What is the best way to display my shirts on my website? My personal preference is the actual shirt laid out on a white background, like I am currently doing on my website (Zen Cart!, The Art of E-commerce - work in progress, so these are just example pictures right now). I like this because the concentration is on the shirt and design, and not the person wearing it.

But some people I have talked to, and things I have seen people say here, think the best way is to display on an actual person. 

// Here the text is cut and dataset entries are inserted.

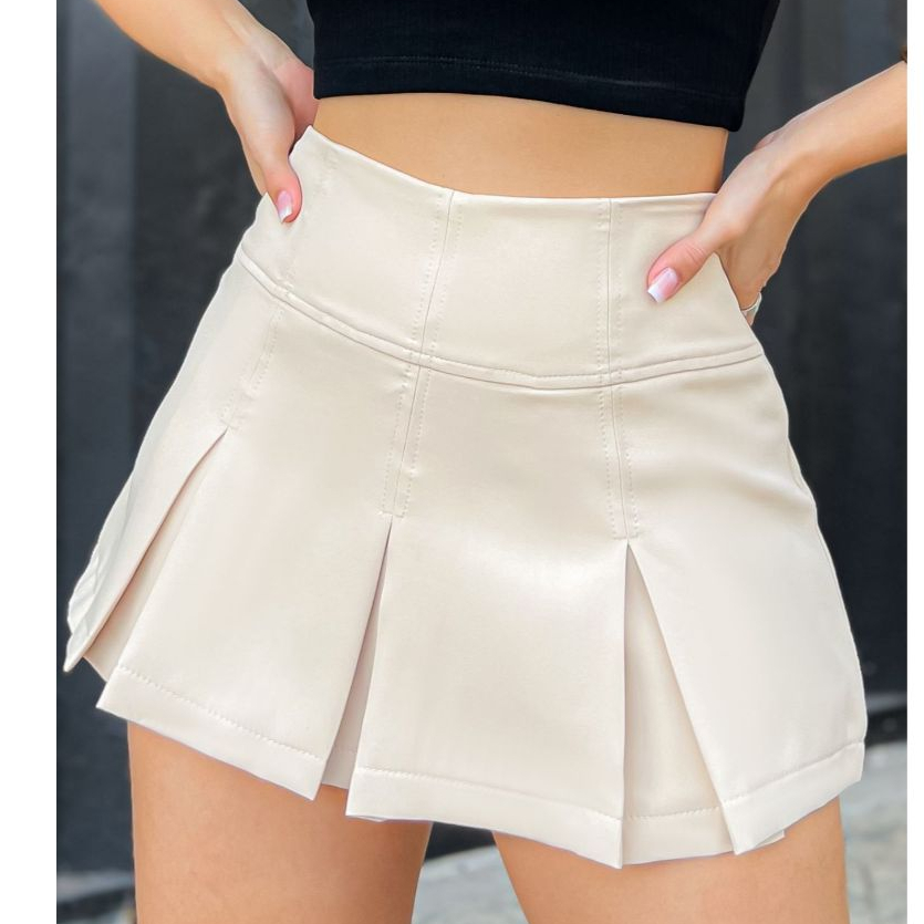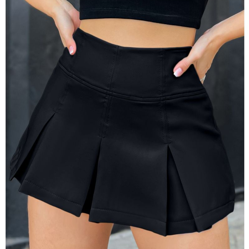 LuluRunModa Short Saia Alfaiataria Feminino Plissada com Pregas Colegial - S694
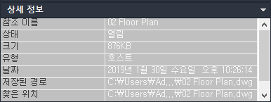 - 외부 참조 대화상자에서 외부 참조의 상세 정보를 봅니다.
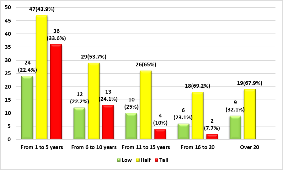 In figure 6, we can see that 22,4 % (n=24) of participants who have been in service for 1 to 5 years have a low level, 43,9 % (n=47) have a medium level, and 33,6 % (n=36) have a high level. Among participants who have been in service for 6 to 10 years, 22,2 % (n=12) of participants have a low level of stress, 53,7 % (n=29) have a medium level, and 24,1 % (n=13) have a high level of stress. As for participants who have been in service for 11 to 15 years, 25 % (n=10) have a low level of stress, 65 % (n=26) have a medium level of stress, and 10 % (n=4) have a high level of stress. Among participants who have been in service for 16 to 20 years, 23,1 % (n=6) have a low level of stress, 69,2 % (n=18) have a medium level of stress, and 7,7 % (n=2) have a high level of stress. As for participants who have been in service for more than 20 years, 32,1 % (n=9) have low stress levels and 67,9 % (n=19) have medium stress levels.
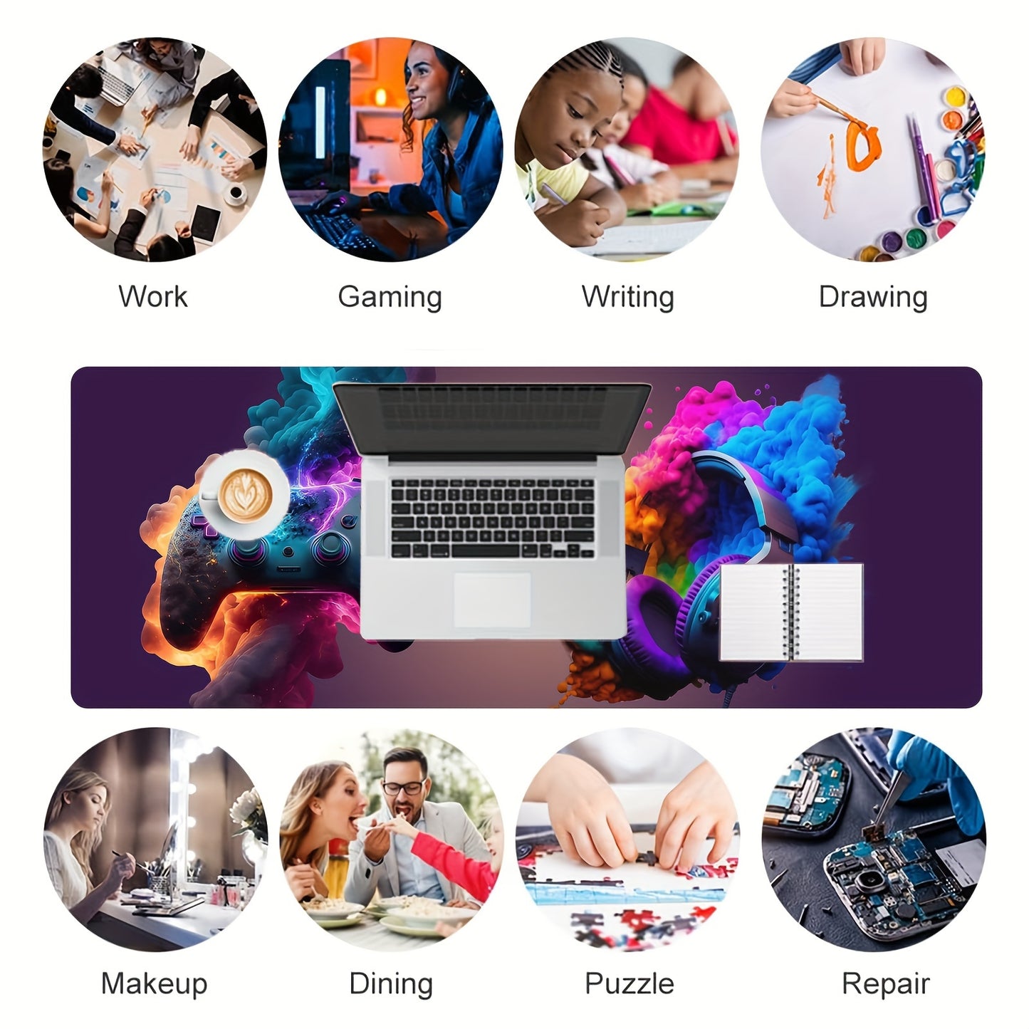 Tapis de souris de jeu extra large FoBianJie avec design manette de jeu et casque - Tapis de bureau en silicone antidérapant, bords cousus anti-effilochage, tapis de clavier et souris XL étendu pour la décoration de la maison/bureau
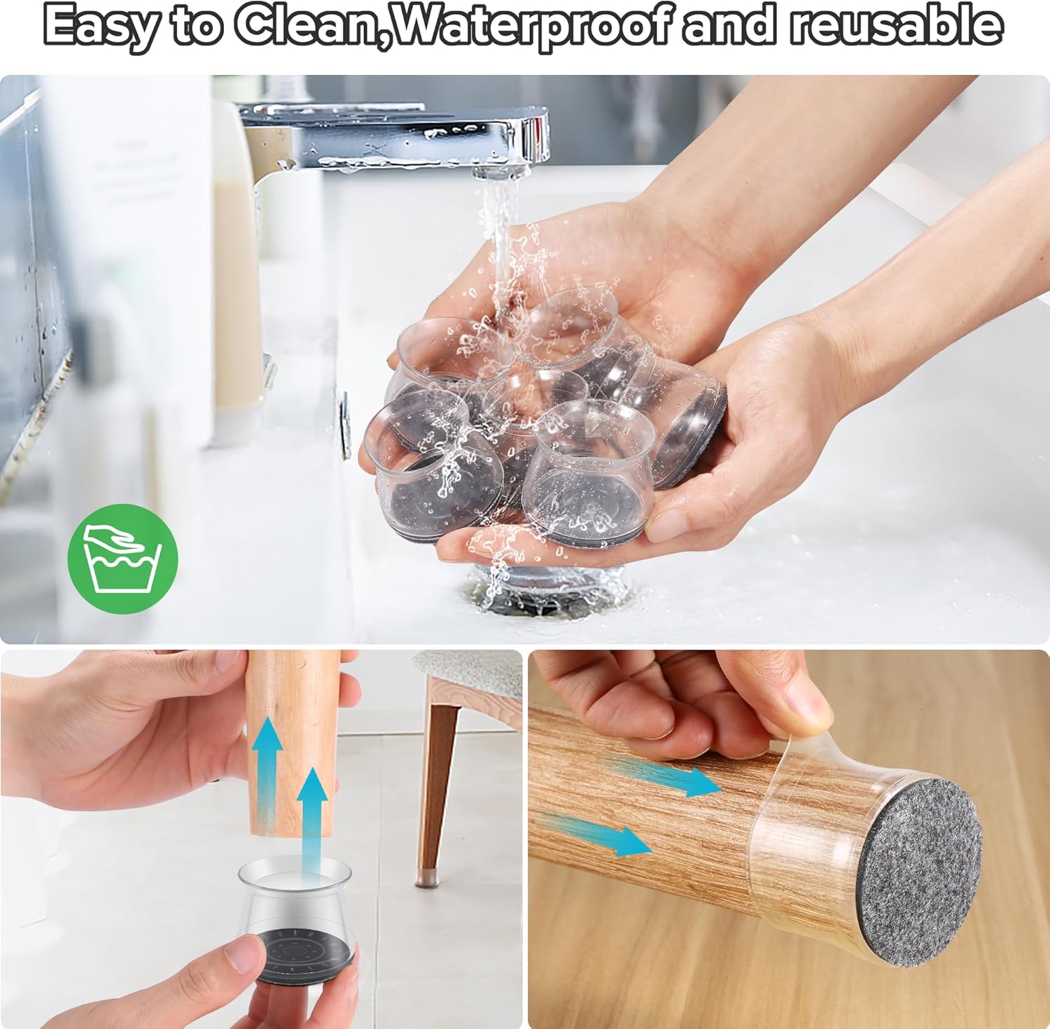 - ✅【Easy to Use】The chair leg covers to protect floors has high transparency, which greatly restore the original color of the table and chair legs, look more natural. The furniture leg cap is easy to install, without the use of tools. When the furniture chair socks are dirty, the chair stoppers can be cleaned and used repeatedly. Mainly suitable for smooth floors such as hardwood, tile, composite floor, and vinyl floor. Clear cap style match with most floors.
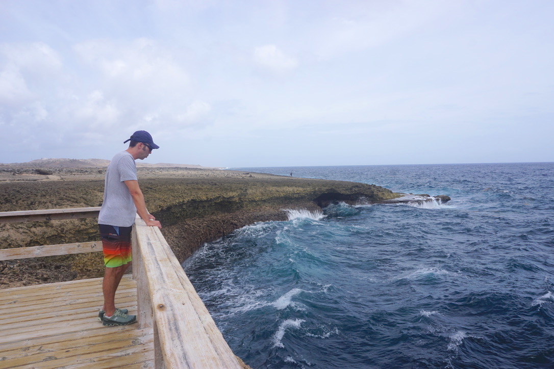 Depois de contemplar a vista da plataforma, desça as escadas de pedra em Boka Wandomi, atravesse a enseada de areia e depois suba de volta pelo penhasco oposto. Uma vez no topo, siga o caminho para uma rampa de madeira que desce para outra plataforma onde você pode ver ondas quebrando através do arco da ponte natural.
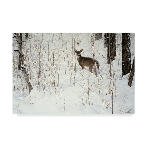 This ready to hang, gallery-wrapped art piece features a deer making its way across the snow covered ground.
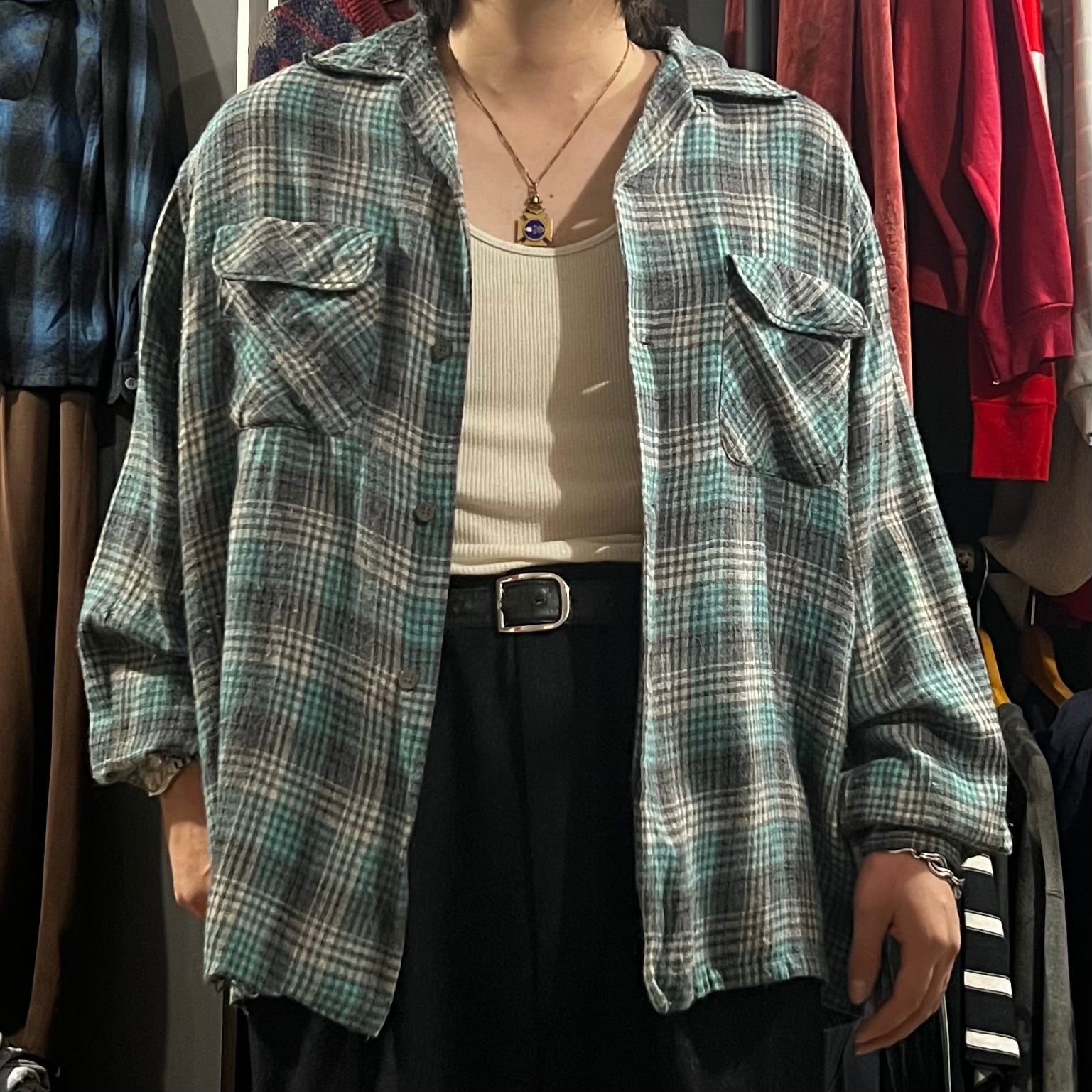 50-60s Vintage wool×nylon? check box shirt 17 1/2
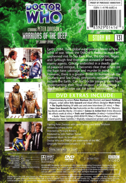 Earth, 2084. Two global superpowers hover on the brink of war. When the TARDIS is forced to make an unplanned visit to Sea Base Four, the Doctor, Tegan and Turlough find themselves accused of being enemy agents. Quickly embroiled in a deadly game of paranoid intrigue, it becomes clear that others on the base have sabatoge and murder in mind. However, there is a greater threat to humankind: the Silurians and Sea Devils, prehistoric reptiles seeking to reclaim the Earth. Can the Doctor prevent them from implementing their "final solution" and triggering a war that could wipe out the entire human race?
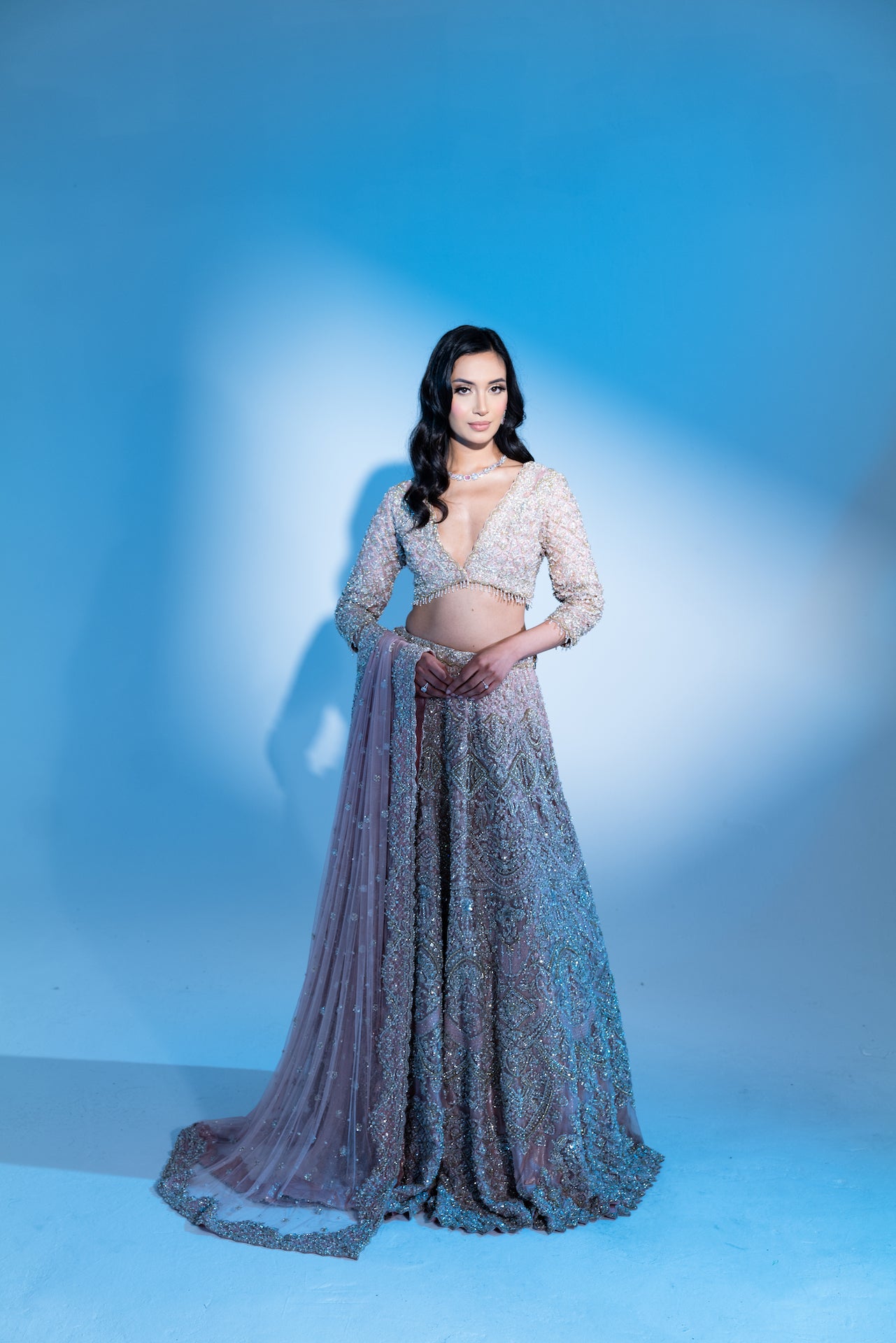 'Katrina' - a sumptuous, blush-pink bridal lengha choli encrusted with hand worked silver work, crystals and diamanté, encapsulating an infinite, brilliant shine. This stunning bridal creates a moment of pause for its feminine yet elegant impact. A bridal to remember

FYI, I plan to show at least 1 picture (probably on the homepage), that shows 5-10 people wearing different shirts of mine. 

*What do you think I should do?*

Thanks for any feedback


----------



## veedub3 (Mar 29, 2007)

You display them any way you want their are no set rules. Each person has his/her preference. I personally don't like them displayed on a model because I feel it can be distracting. I am selling a shirt so that is where i want the focus, not on the model. Many people think differently and may prefer a model. It is totally up to you which way you want to go with it.


----------



## battletross (Jul 16, 2012)

I think you should include a gallery of people wearing your products or attach those photos as additions to the product photo, but have your product photo as the shirt by itself.


----------



## GN (Aug 1, 2011)

instead of a model, have them displayed on a wooden cross. (assuming you're selling christian apparel)


----------



## printingray (Apr 4, 2012)

Make a gallery which is customized able mean to say people can change the tees colors and design oh thier own choice and just send to you. This kind of gallery is full of fun for a customer as well the best way to satisfy and achieve customers.


----------



## 10sJunkie (Jun 5, 2012)

I always feel like t-shirts on models are better for setting the tone of an entire (cohesive) design line - while mock-ups are fine for giving ideas, printed shirts are best for representing reality. 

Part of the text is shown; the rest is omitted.